Donna Turner, 32, has been refused IVF treatment using sperm taken from her husband of only eight months, before he died.

It was her late husband Paul's dying wish to give his wife children and surgeons even reversed his vasectomy as he lay dying from bowel cancer so that the sperm could be harvested and frozen.

But Donna, from Milton Keynes, said the NHS had turned her down for IVF treatment because, as a widow, she is now officially single.

Donna said: "I wanted his child more than anything. Now my goal is to have this baby which I promised him on his death bed.

"For the names it was going to be Paignton-Louise for a girl and Tommy for a boy.

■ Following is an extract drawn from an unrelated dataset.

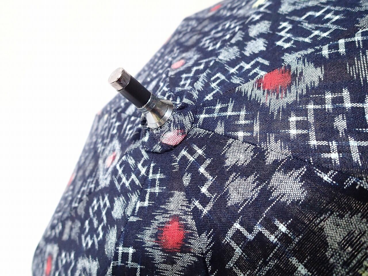 The parasol is made from Japanese antique Kurume kasuri Kimono fabric.

"Then the Clinical Commissioning Group refused to fund me. They said I couldn't have the IVF because they class me as single and because he has got a son from a previous relationship years ago."

She insisted: "I'm not single, I'm widowed."

Paul was diagnosed with bowel cancer five months after he and Donna tied the knot in April 2012.

He fought the disease for eight months before he died at the age of 39 in January last year.

Donna is desperate to have her late husband's child, but had been denied the £3,500 funds necessary.

She said:: "All I was asking them for was one little bit of help.

"I feel really angry because they're letting women have boob jobs and tummy tucks on the NHS but won't help someone like me.

"I didn't ask to be a widow. I would either be pregnant or have the baby by now if Paul had been here. I look at pregnant people now and I think 'why is that not me?' It should have been me pushing a pram now or with a bump."

She added: "As he was slipping away I held his hand and told him I loved him and I promised him I would have the child and take them to Devon like we planned.

"On the last breath I saw a little tear roll down his face and then he was gone."

The Milton Keynes Clinical Commissioning Group's associate director, Janet Corbett, said its IVF policy was in line with other CCGs in the East Midlands.

She added: "The policy is for use when a couple have a medical reason for being unable to conceive a child."